• Task requirements: For this exercise, return only the lines in the records below from the one holding "補貼政策推動儲能發(fā)展" through the one holding "Номер жалобы:58664 Тип", including both, exactly as they appear and without pictures.

──────── Data supplied ────────

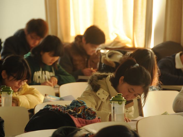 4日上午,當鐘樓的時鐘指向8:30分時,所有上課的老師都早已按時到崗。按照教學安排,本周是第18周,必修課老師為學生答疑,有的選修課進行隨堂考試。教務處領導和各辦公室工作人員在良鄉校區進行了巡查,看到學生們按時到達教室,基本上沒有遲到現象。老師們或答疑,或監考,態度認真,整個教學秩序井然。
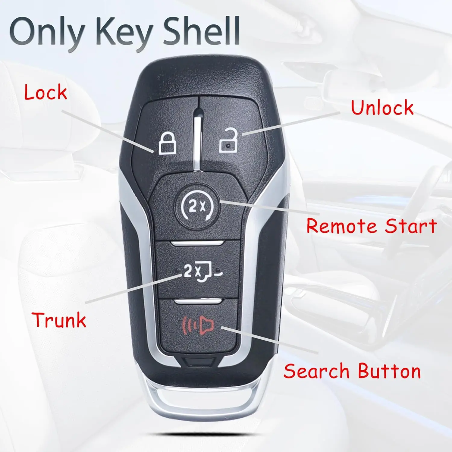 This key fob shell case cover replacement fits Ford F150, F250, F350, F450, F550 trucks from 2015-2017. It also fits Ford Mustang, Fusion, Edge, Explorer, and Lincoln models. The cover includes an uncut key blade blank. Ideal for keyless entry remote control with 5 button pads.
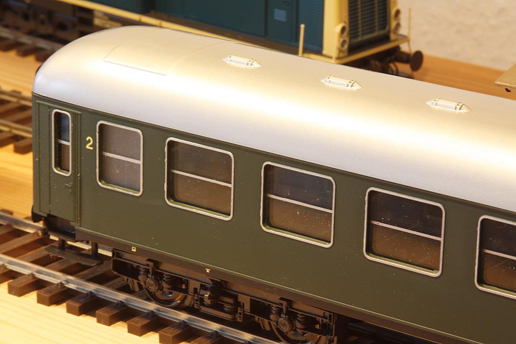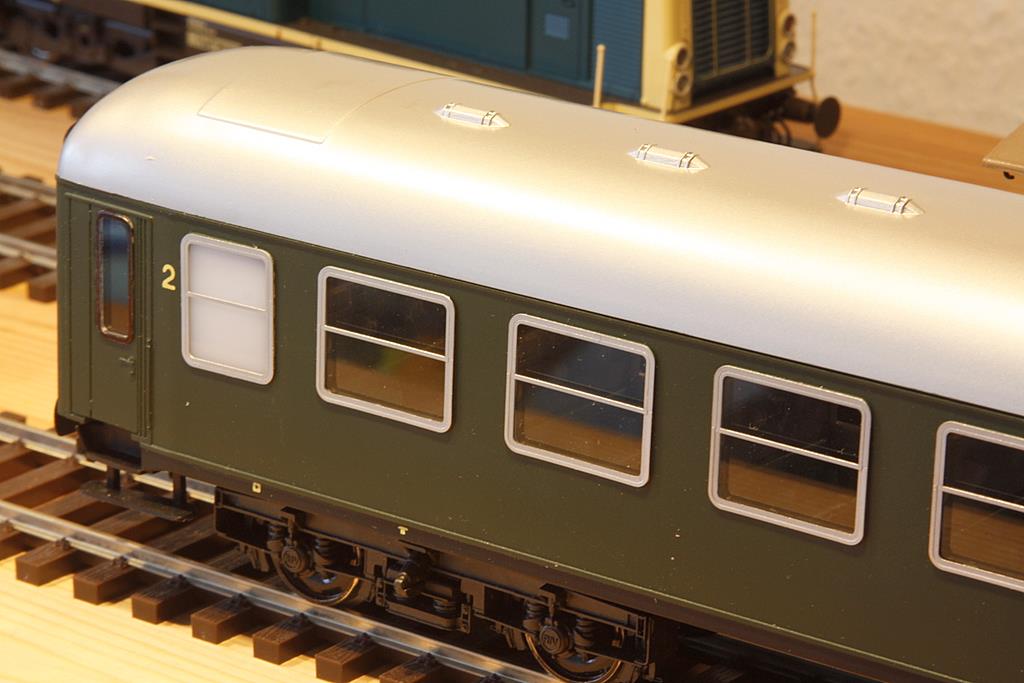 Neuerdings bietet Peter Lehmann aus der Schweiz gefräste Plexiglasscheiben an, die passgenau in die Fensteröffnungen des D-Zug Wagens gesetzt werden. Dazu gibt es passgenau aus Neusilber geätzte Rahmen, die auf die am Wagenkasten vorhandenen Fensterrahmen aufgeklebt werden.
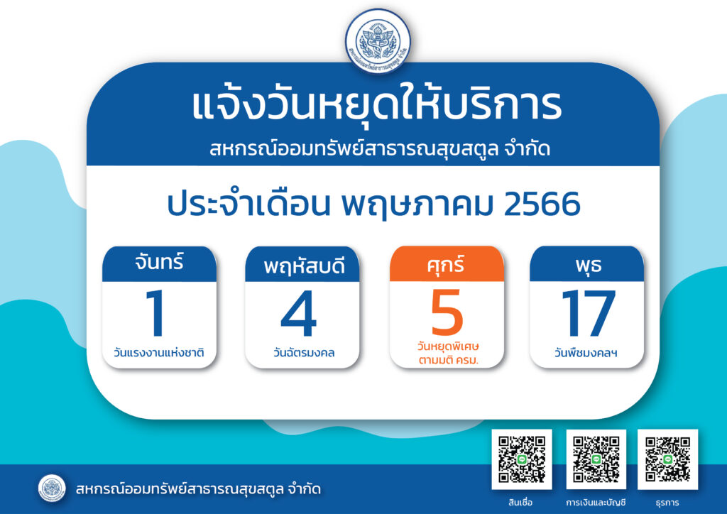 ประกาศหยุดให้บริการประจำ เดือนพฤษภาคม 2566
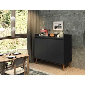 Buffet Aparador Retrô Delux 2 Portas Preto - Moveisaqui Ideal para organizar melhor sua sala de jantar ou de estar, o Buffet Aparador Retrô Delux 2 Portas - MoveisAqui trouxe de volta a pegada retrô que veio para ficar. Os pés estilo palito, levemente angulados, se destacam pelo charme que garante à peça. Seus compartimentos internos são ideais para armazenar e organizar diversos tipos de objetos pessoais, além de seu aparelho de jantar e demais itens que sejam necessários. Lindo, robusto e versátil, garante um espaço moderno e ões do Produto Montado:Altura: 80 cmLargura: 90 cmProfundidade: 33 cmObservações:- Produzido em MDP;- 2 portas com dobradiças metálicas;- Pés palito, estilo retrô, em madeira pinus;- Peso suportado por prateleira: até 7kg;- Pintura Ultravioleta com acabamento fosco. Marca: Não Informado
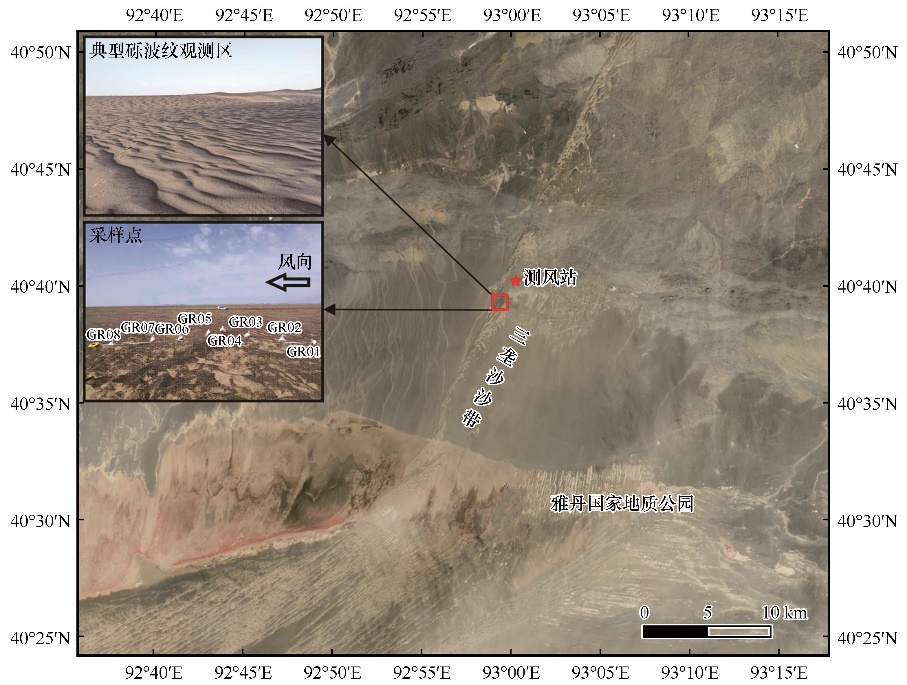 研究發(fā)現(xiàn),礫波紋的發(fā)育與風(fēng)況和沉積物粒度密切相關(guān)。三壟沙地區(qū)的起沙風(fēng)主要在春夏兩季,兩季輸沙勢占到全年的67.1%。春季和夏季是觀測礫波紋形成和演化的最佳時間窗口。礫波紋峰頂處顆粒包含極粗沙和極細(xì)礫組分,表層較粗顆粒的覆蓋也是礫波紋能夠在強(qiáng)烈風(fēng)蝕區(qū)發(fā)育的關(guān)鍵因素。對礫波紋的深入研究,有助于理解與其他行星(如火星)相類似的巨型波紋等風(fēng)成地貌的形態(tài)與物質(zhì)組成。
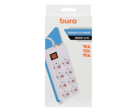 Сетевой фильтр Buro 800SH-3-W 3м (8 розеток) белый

────────
──────── Data supplied ────────

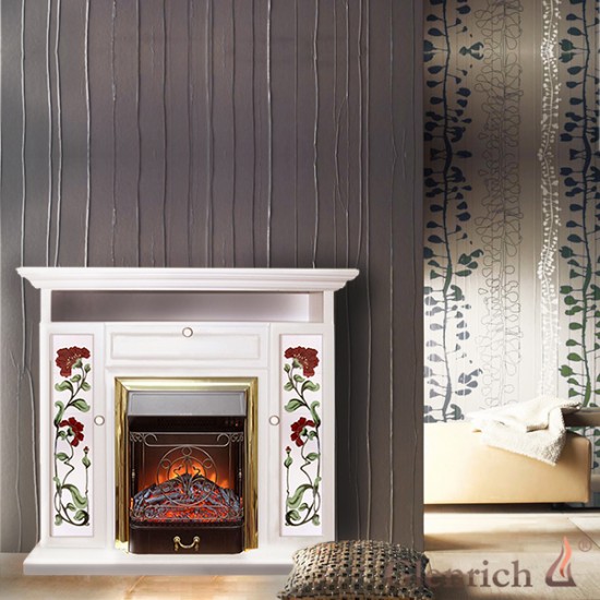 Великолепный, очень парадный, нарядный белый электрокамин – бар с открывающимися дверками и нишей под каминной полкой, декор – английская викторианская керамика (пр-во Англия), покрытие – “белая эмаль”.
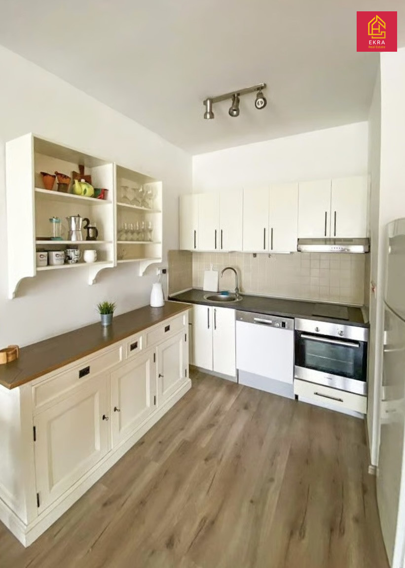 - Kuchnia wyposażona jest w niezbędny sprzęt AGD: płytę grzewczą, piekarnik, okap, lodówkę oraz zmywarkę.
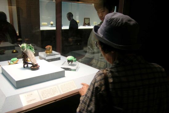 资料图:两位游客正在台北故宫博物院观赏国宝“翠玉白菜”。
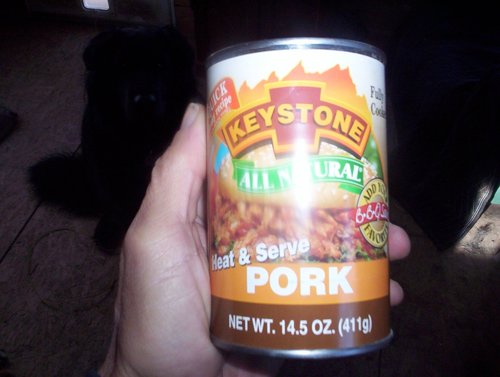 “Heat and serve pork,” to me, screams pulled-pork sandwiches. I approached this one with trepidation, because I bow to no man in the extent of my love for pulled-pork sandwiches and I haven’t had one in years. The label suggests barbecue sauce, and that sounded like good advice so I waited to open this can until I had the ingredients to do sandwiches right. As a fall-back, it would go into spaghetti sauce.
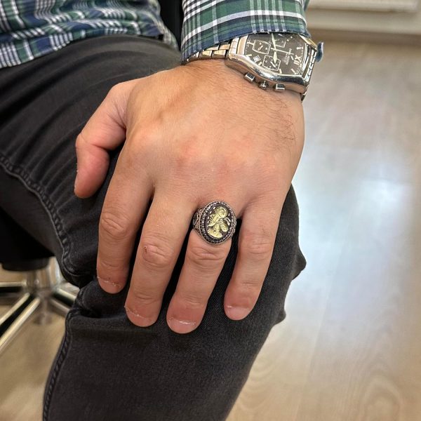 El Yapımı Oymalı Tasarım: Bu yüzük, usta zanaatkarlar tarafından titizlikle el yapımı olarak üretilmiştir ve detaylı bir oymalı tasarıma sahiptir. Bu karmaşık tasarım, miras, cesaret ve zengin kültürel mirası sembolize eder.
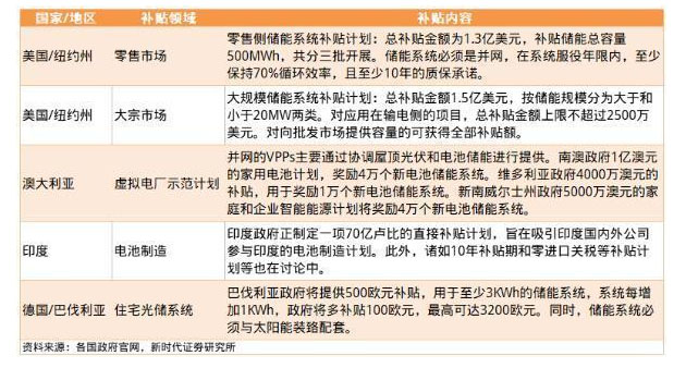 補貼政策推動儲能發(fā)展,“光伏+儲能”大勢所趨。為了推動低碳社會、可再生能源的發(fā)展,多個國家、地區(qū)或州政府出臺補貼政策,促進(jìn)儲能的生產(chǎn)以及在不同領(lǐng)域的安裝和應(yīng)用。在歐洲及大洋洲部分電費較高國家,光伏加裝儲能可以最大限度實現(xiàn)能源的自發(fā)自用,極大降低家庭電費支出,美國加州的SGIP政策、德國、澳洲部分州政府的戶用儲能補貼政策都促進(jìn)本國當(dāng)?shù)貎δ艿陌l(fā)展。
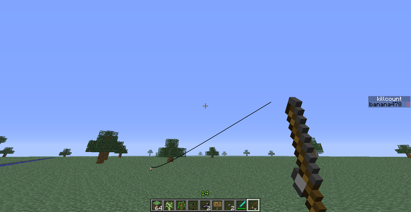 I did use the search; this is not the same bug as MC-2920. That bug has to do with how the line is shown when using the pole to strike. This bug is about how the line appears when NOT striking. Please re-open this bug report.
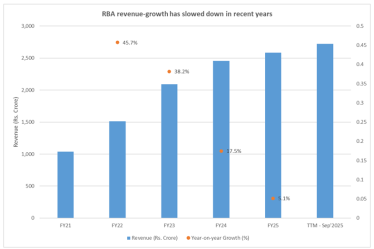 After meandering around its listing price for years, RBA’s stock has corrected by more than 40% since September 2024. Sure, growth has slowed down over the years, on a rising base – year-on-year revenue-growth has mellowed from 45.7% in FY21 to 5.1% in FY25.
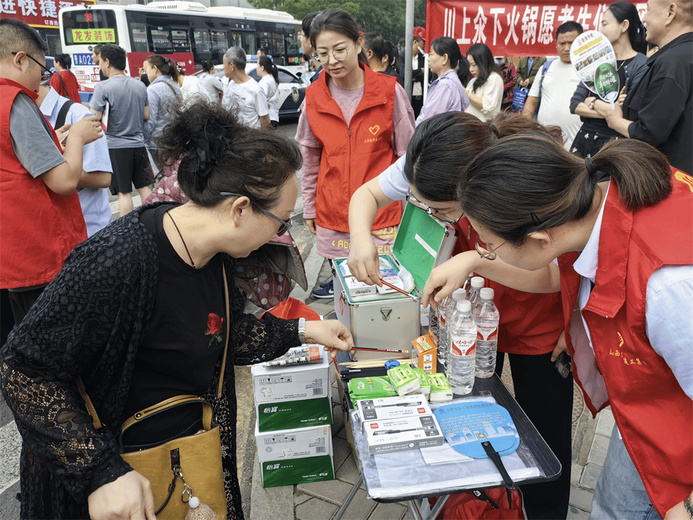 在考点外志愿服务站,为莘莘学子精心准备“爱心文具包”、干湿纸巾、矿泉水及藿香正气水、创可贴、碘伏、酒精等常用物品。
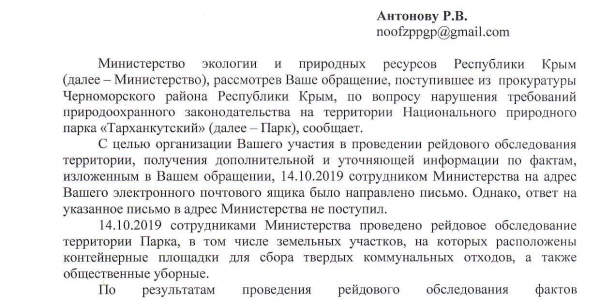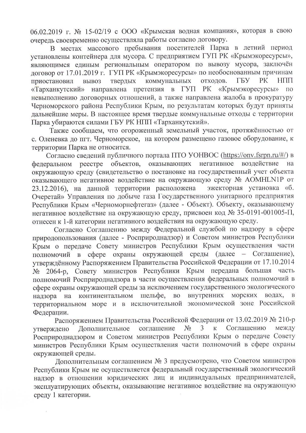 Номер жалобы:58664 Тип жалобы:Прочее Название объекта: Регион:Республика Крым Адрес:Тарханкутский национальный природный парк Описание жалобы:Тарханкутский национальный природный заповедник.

────────
──────── Data supplied ────────

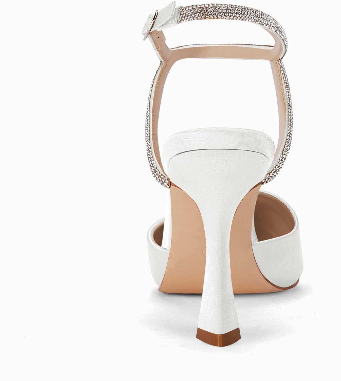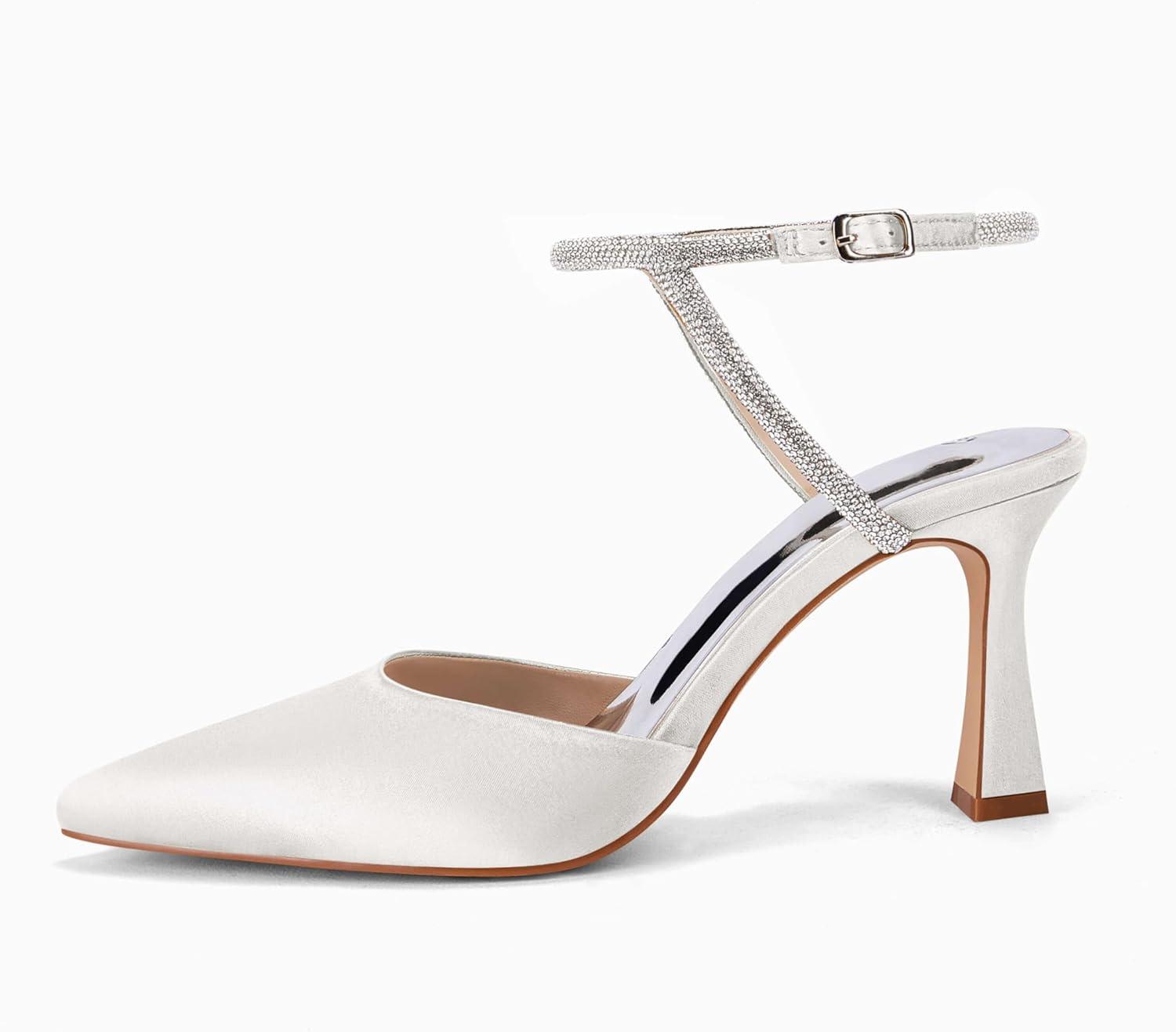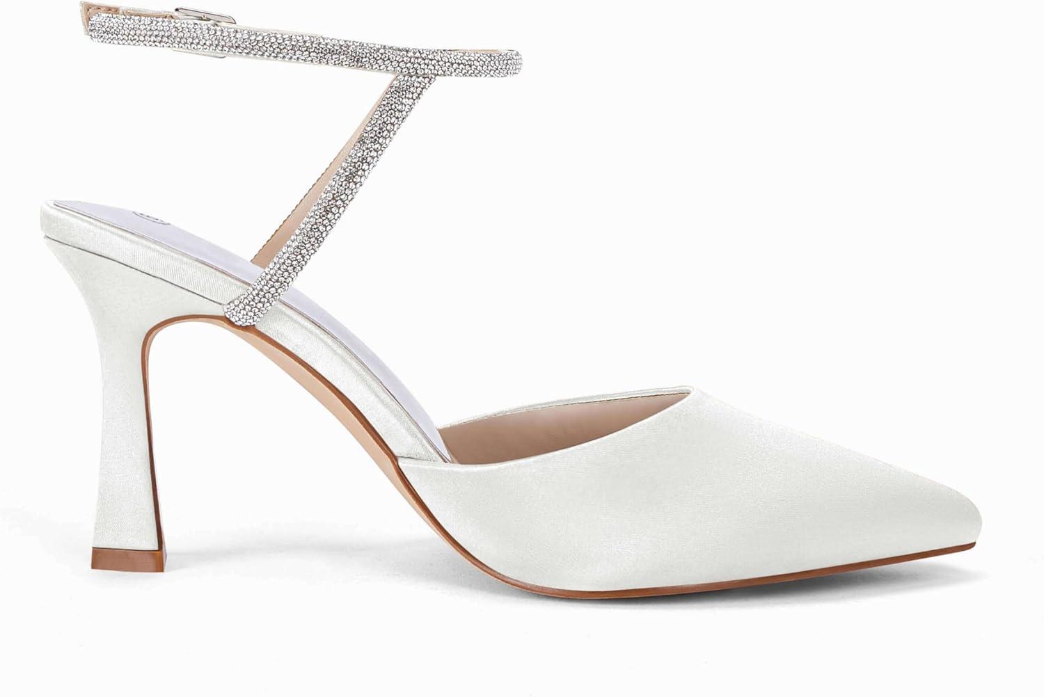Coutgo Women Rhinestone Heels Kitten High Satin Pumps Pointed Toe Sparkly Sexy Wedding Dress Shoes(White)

────────

• Expected answer:
 補貼政策推動儲能發(fā)展,“光伏+儲能”大勢所趨。為了推動低碳社會、可再生能源的發(fā)展,多個國家、地區(qū)或州政府出臺補貼政策,促進(jìn)儲能的生產(chǎn)以及在不同領(lǐng)域的安裝和應(yīng)用。在歐洲及大洋洲部分電費較高國家,光伏加裝儲能可以最大限度實現(xiàn)能源的自發(fā)自用,極大降低家庭電費支出,美國加州的SGIP政策、德國、澳洲部分州政府的戶用儲能補貼政策都促進(jìn)本國當(dāng)?shù)貎δ艿陌l(fā)展。
 I did use the search; this is not the same bug as MC-2920. That bug has to do with how the line is shown when using the pole to strike. This bug is about how the line appears when NOT striking. Please re-open this bug report.
 After meandering around its listing price for years, RBA’s stock has corrected by more than 40% since September 2024. Sure, growth has slowed down over the years, on a rising base – year-on-year revenue-growth has mellowed from 45.7% in FY21 to 5.1% in FY25.
 在考点外志愿服务站,为莘莘学子精心准备“爱心文具包”、干湿纸巾、矿泉水及藿香正气水、创可贴、碘伏、酒精等常用物品。
 Номер жалобы:58664 Тип жалобы:Прочее Название объекта: Регион:Республика Крым Адрес:Тарханкутский национальный природный парк Описание жалобы:Тарханкутский национальный природный заповедник.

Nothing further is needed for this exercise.